= David McSkimming =

Australian pianist

David McSkimming OAM (6 March 1950 – 17 March 2016) was an Australian pianist best known as an accompanist and, over many years, a regular performer in concert and on radio for the ABC. After graduating with a master's degree in Piano Performance, he played harpsichord and organ continuo and piano with the Melbourne and Adelaide Symphony Orchestras, Orchestra Victoria and the Adelaide Chamber Orchestra. He also played horn in the Adelaide Symphony Orchestra. From 2006, McSkimming was Head of Music at Victorian Opera.

He gave recitals with many Australian musicians, including Yvonne Kenny, Marilyn Richardson, Emma Matthews and Jonathan Summers. He gave recitals with, amongst others, violinists Jane Peters and Miwako Abe and hornplayer Richard Runnels. In October 1998 as part of the Melbourne Festival, Mr McSkimming was the associate artist in recitals with the renowned Korean soprano Sumi Jo and American tenor Gary Lakes.

McSkimming was a member of the State Opera Of South Australia from 1976–1989, after which he worked with the Victoria State Opera as Principal Repetiteur until joining Opera Australia for the year 1997. He also worked with Opera Factory Zurich.
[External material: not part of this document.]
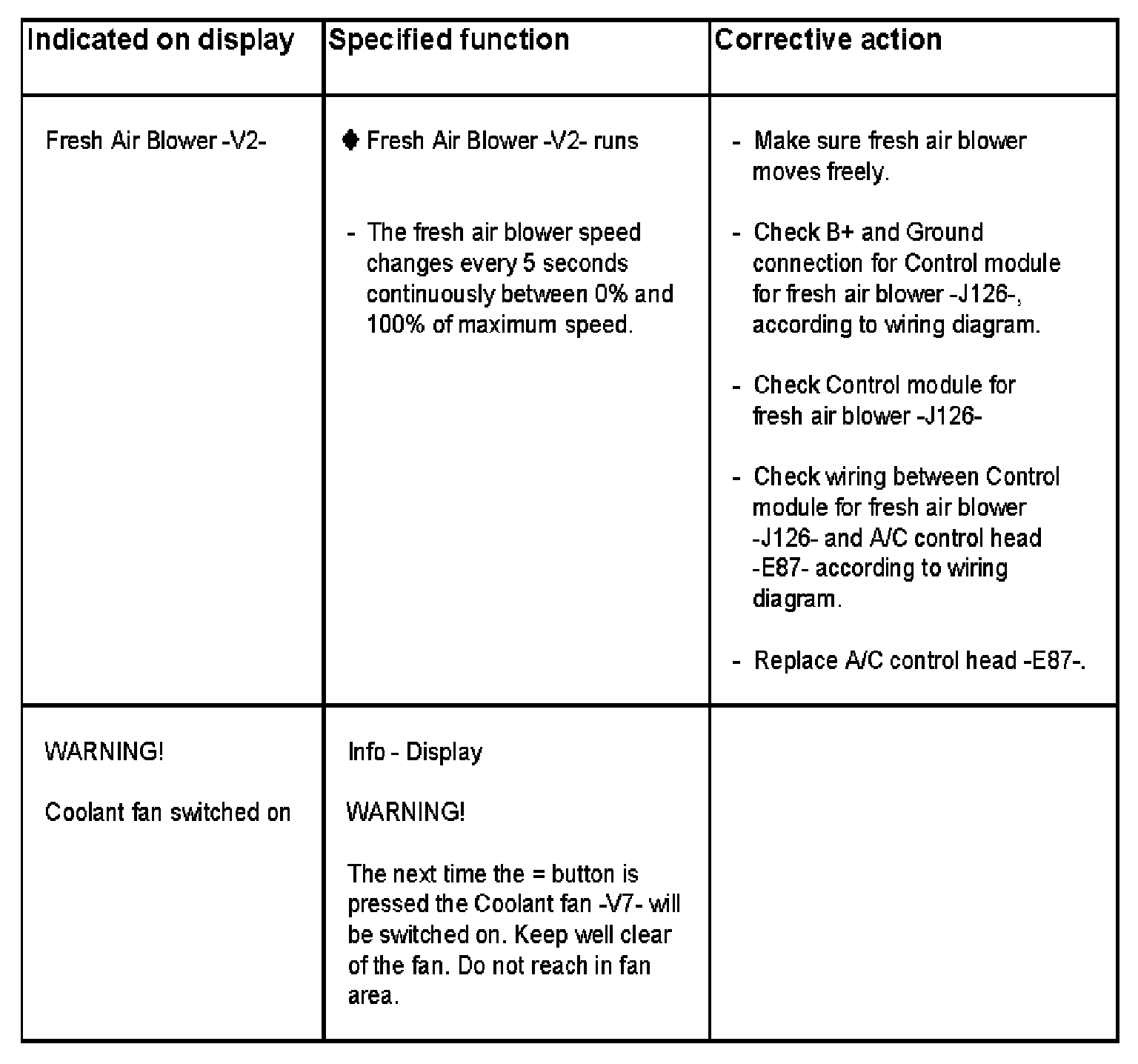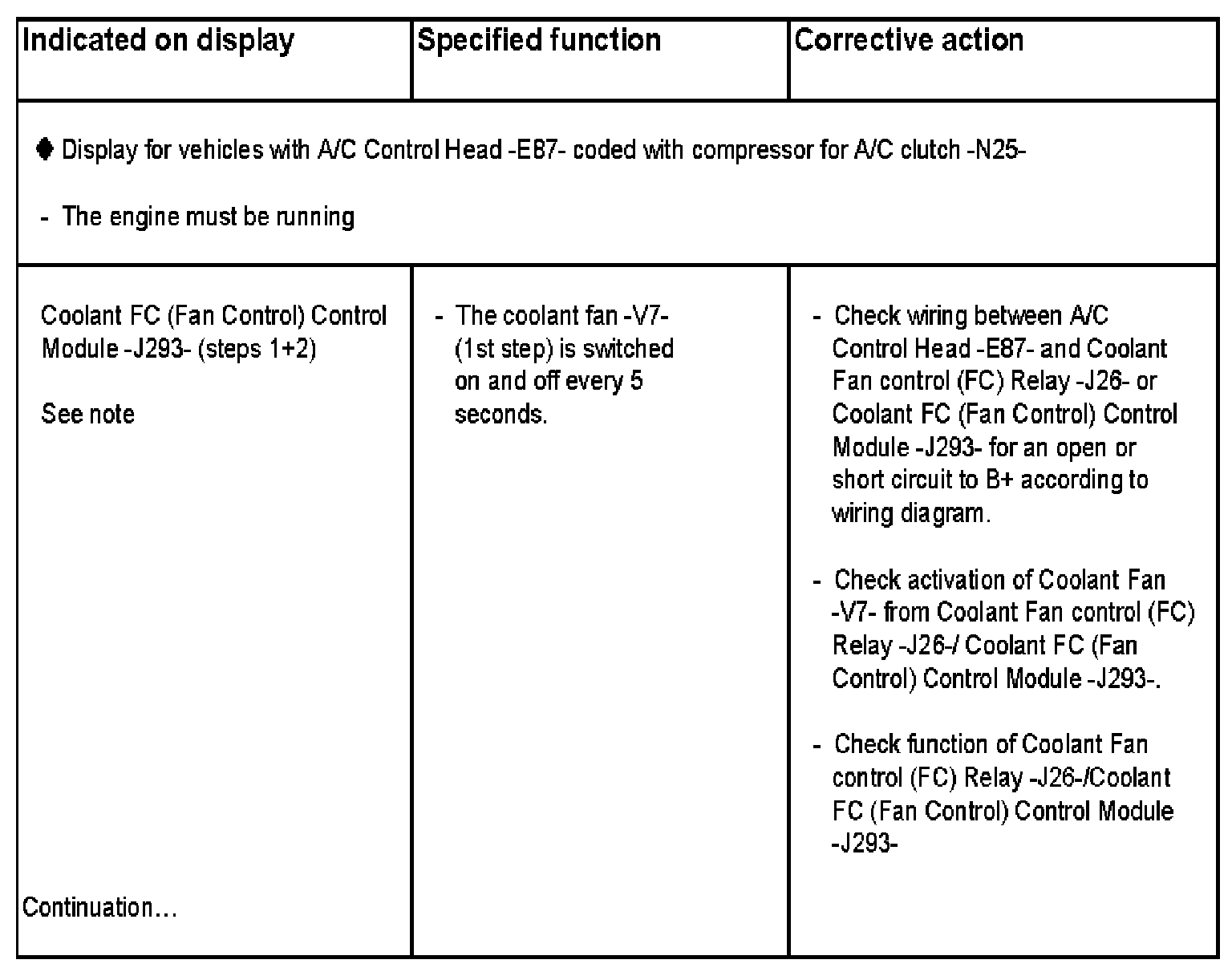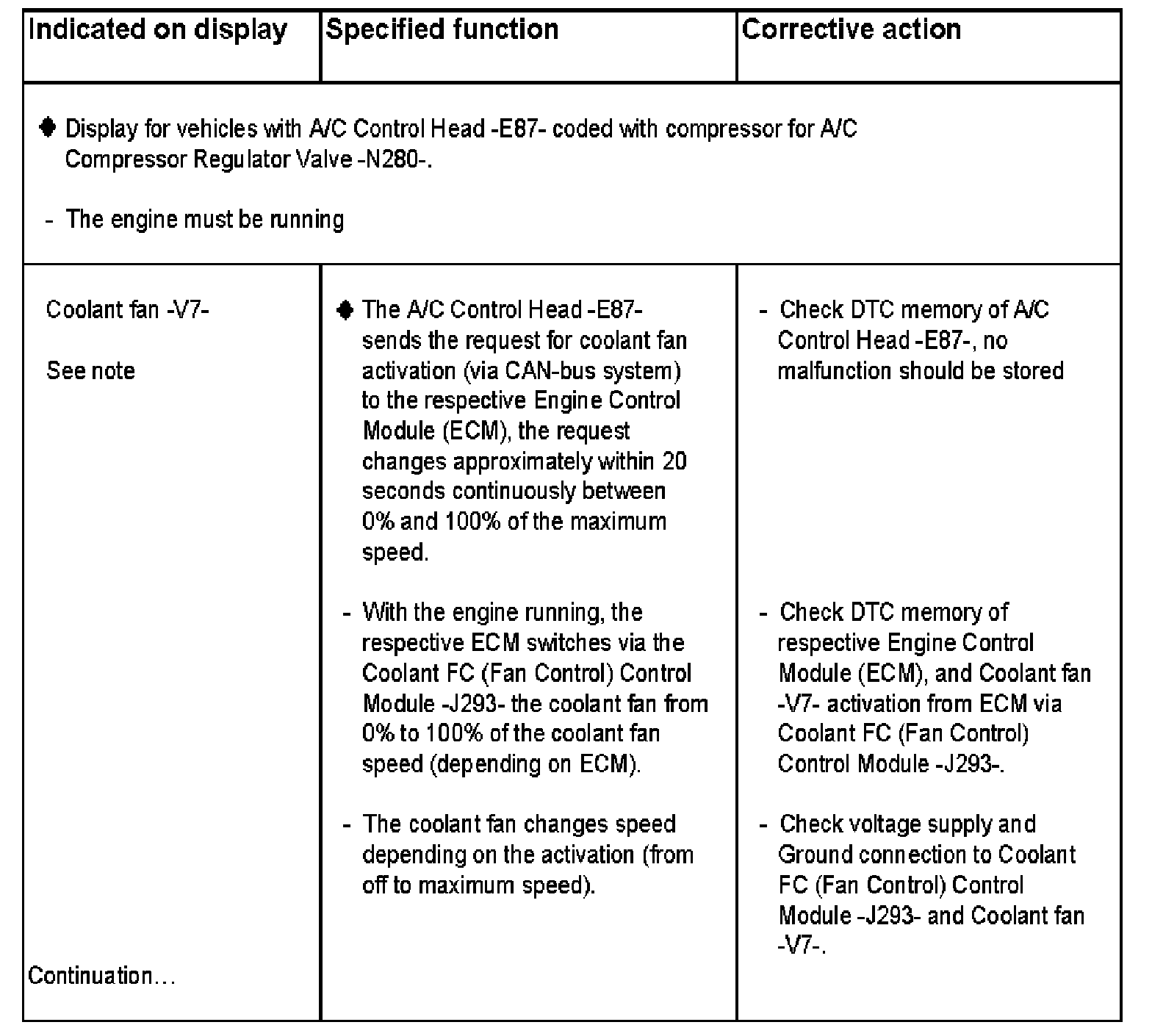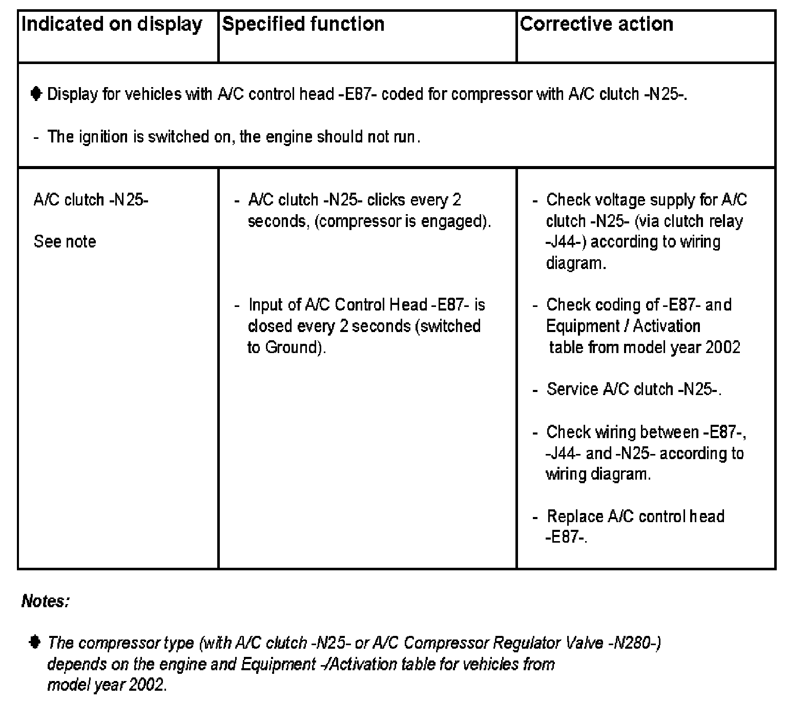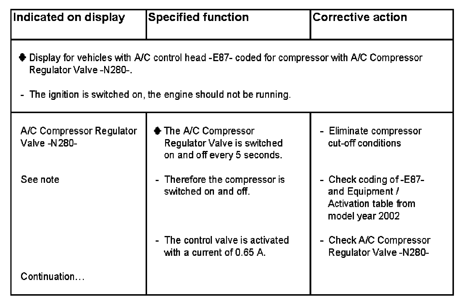 - The actuator "A/C Compressor Regulator Valve -N280" or "A/C clutch -N25" is only actuated with engine switched off These actuators will not be displayed on the VAS 5051 display and not activated by the A/C control head -E87- with the engine running.

His repertoire extended to more than 130 operas. David was an Associate Artist at the Australian National Academy of Music where he worked with artists including English mezzo-soprano Sarah Walker and Australian baritone Gregory Yurisich. He was based in Melbourne but for 9 years freelanced and as such travelled all over Australia as an accompanist and repetiteur. During 2003 David spent seven months as principal repetiteur for the State opera of South Australia's Ring Cycle.

McSkimming's recording with Rosamund Illing, Songs of Duparc and Poulenc, received widespread acclaim both in Australia and internationally and was voted "Australian Classical Vocal CD of the Year" in 1997. He also recorded a CD of Chinese songs with tenor Yu Jixing; and with violinist, Miwako Abe, a CD of French violin music. 2005 saw the release of a CD of English songs and duets sung by Anthony Warlow and David Hobson; and in 2006, Hobson and McSkimming recorded and released an album of French Songs.

McSkimming was awarded the Medal of the Order of Australia (OAM) for services to the Performing Arts on Australia Day, 2012.

He died of motor neurone disease on 17 March 2016.